English-American cartoonist (1856–1896)

Bernhard Gillam (April 28, 1856 – January 19, 1896) was an English-born American political cartoonist.

Gillam was born in Banbury, Oxfordshire. He arrived in New York with his parents in 1866. He worked as a copyist in a lawyer's office, but switched to the study of engraving, and later, after some of his cartoons had appeared in the New York Graphic, turned to cartooning. His work appeared in Frank Leslie's Illustrated Newspaper, Harper's Weekly, where he worked with Thomas Nast during James A. Garfield's campaign of 1880, and Puck magazine where he came under the influence of Joseph Keppler. Gillam also produced work for Judge, a magazine of which he became director-in-chief in 1886.

Gillam's cartoons on James G. Blaine during the 1884 US presidential campaign played a large part in Grover Cleveland's election to office. "Phryne before the Chicago Tribunal", also known as "The Tattooed Man", which appeared in the Puck issue of June 4, 1884, showed Blaine's body covered in tattoos detailing corruption charges from his political past. Blaine threatened legal action, but backed down on the advice of his political friends.

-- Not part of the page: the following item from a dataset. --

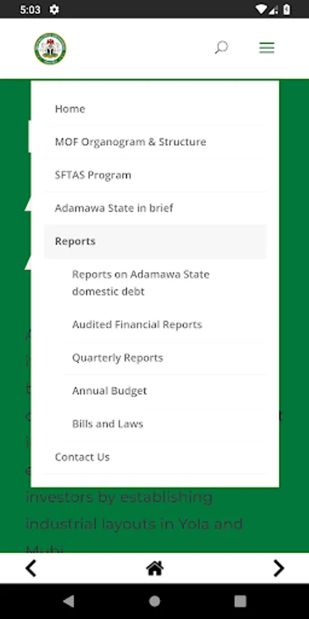 The official app for Adamawa State Ministry of Finance. It is designed to provide a platform for uploading financial reports in real-time. The users of the platform will be able to get up to date information on all financials of the Ministry at any time
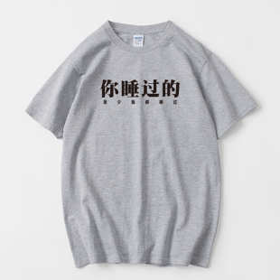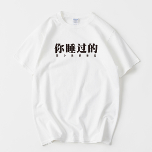男女情侣装 圆领夏季 上衣宽 至少我都睡过文字T恤短袖 文字你睡过

According to Blaine biographer David Saville Muzzey, "it is doubtful if any cartoon in our history ever had the vogue and influence of Gillam's Tattooed Man." Oddly, Gillam was a Republican who voted for Blaine in 1884.

During the presidential campaigns of 1888 and 1892, Gillam's cartoons depicted the dangers of the free-trade policy of the Democrats and the benefits of Republican protectionism.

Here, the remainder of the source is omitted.